- _Exercise goal_: Extract the stretch of lines that starts at the line with "Make any occasion" and ends at the last line of the data below. Give it exactly, without pictures.

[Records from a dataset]

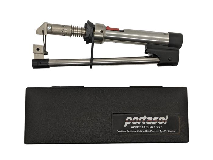 This butane gas powered device is designed to quickly and efficiently perform tail docking on piglets. The device is supplied in a compact and portable carry case.
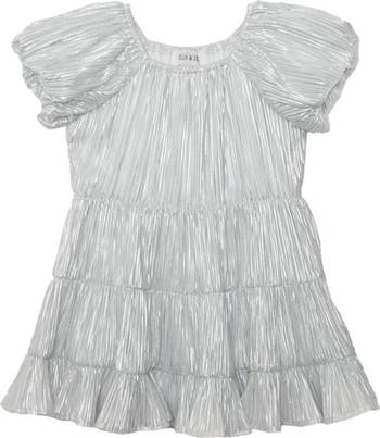 Make any occasion shimmer with the Sparkle and Spin Silver Dress by Isobella and Chloe. This tiered dress features a crinkled metallic finish and glitter embellishment that catch the light as she twirls. Designed with gathered crew neckline, puff sleeves, lightweight fabric, and a playful sharkbite hem. Machine wash cold, line dry, do not bleach.
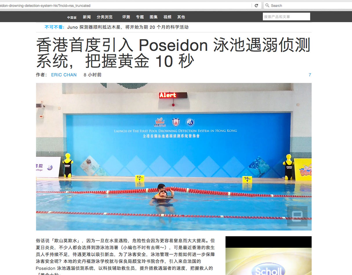香港首度引入Poseidon泳池遇溺偵測系統 把握黃金10秒
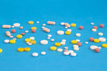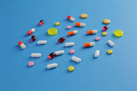 Multicolored pills of various shapes on a blue background. Close-up
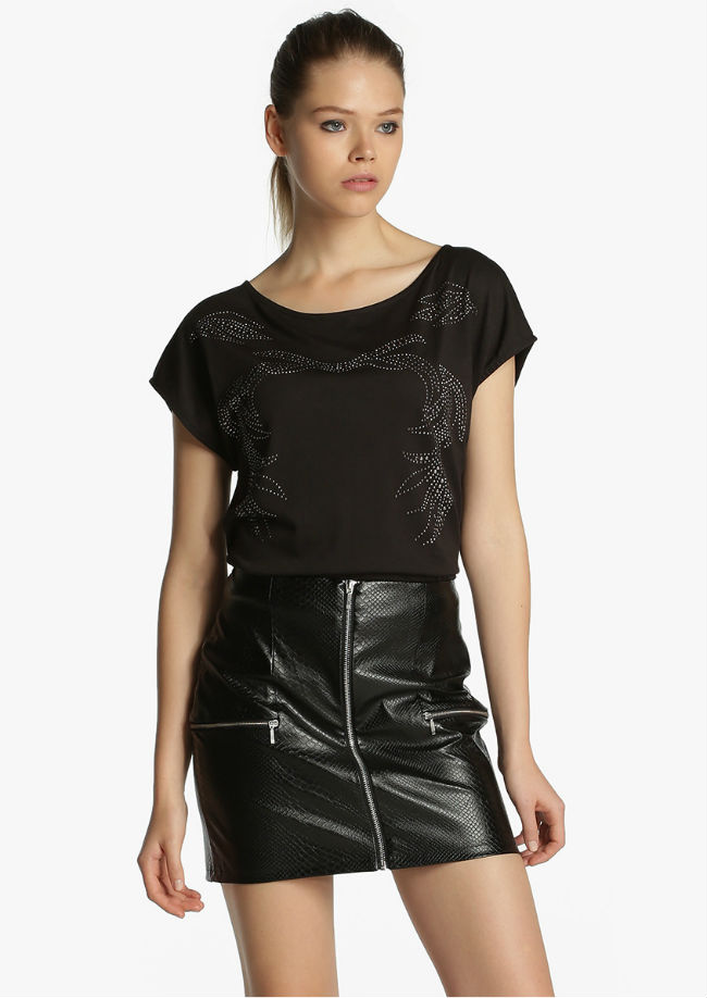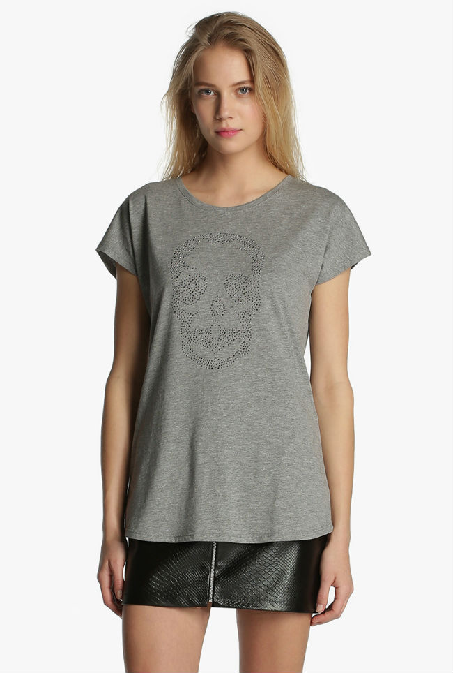 Puedes combinar tu falda de cuero con esta camiseta con estampado de calavera. Le darás a tu estilismo un aire rockero y chic.

- _Output for this task_:
 Make any occasion shimmer with the Sparkle and Spin Silver Dress by Isobella and Chloe. This tiered dress features a crinkled metallic finish and glitter embellishment that catch the light as she twirls. Designed with gathered crew neckline, puff sleeves, lightweight fabric, and a playful sharkbite hem. Machine wash cold, line dry, do not bleach.
香港首度引入Poseidon泳池遇溺偵測系統 把握黃金10秒
 Multicolored pills of various shapes on a blue background. Close-up
 Puedes combinar tu falda de cuero con esta camiseta con estampado de calavera. Le darás a tu estilismo un aire rockero y chic.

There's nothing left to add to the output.